PS: I had a dream last night that I was in a bar that you were playing in, and you were snorting coke with a rolled up dollar bill and I was very upset by this. Then the dude who played the butler on the Fresh Prince of Bel-Air got carted away by paramedics.

That's all I got.

Robb said...

Awww beeex you're old as fuck hehe! Awww beex I was drunk and slept reeeeeal funny on mah back! Got a lil' crick in it hehe! Now I want to stomp on my douechbag cousin's bladder with all my man weight. Oh no it's not related, I just have this dbag cousin whose bladder I'd like to stomp on (witch's cackle)

Robb said...

Ohh beex that twitching worm description killed me! You had that one saved in your Microsoft Word huh? (Whispering) ...Apple? Aww fuck you

Robb said...

Oh no, I mean, you're not really old, and there are definite benefits to Mac OS X hehe! Aww but you know. I just got this crick in my back. I watched that flick 'A Horrible Way To Die' last night. Hehe I knew it was but a matter of time before there was a mumblecore-horror crossover. Awww it wasn't that...well, yeah, it fucking sucked. Aww beex let's have sex.

Timex Social Club said...
This comment has been removed by the author.
Robb said...

On a real note I'd like to "thank" you for that delightful cockroach dream ya shared awhile back...thanks to it I've now had a few variations...trapped in ominous hallways teaming with (aggressive, carnivorous) roaches n shit. Cockroaches with big fat ass dicks, crawlin up in my mouth in shit. "Sssss-ssssuck it Robb!" Heh, that one's a joke I think. Maybe I'm just jealous I can't survive off soap and cardboard in subfreezing temperatures. Assholes

Robb said...

You so obviously ghost write the Jeppson's Malort tweets it's almost comical.

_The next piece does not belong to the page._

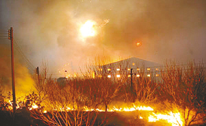 爆炸导致山林大火

It's A-Me, Martucci said...

'Sofia Staks' - ugliest woman on the planet? Rhetorical

It's A-Me, Martucci said...

'Moo-oom, where does ricotta cheese come from?'
'Why it comes from Sofia Staks' distended anus, you little idiot'

It's A-Me, Martucci said...

Oh, I'm talking about post-toxic waste vat incident or whatever the fuck happened. If someone goes and pulls up one of those pics from like '96 I'm gonna kick your fucking nuts up through your mouth.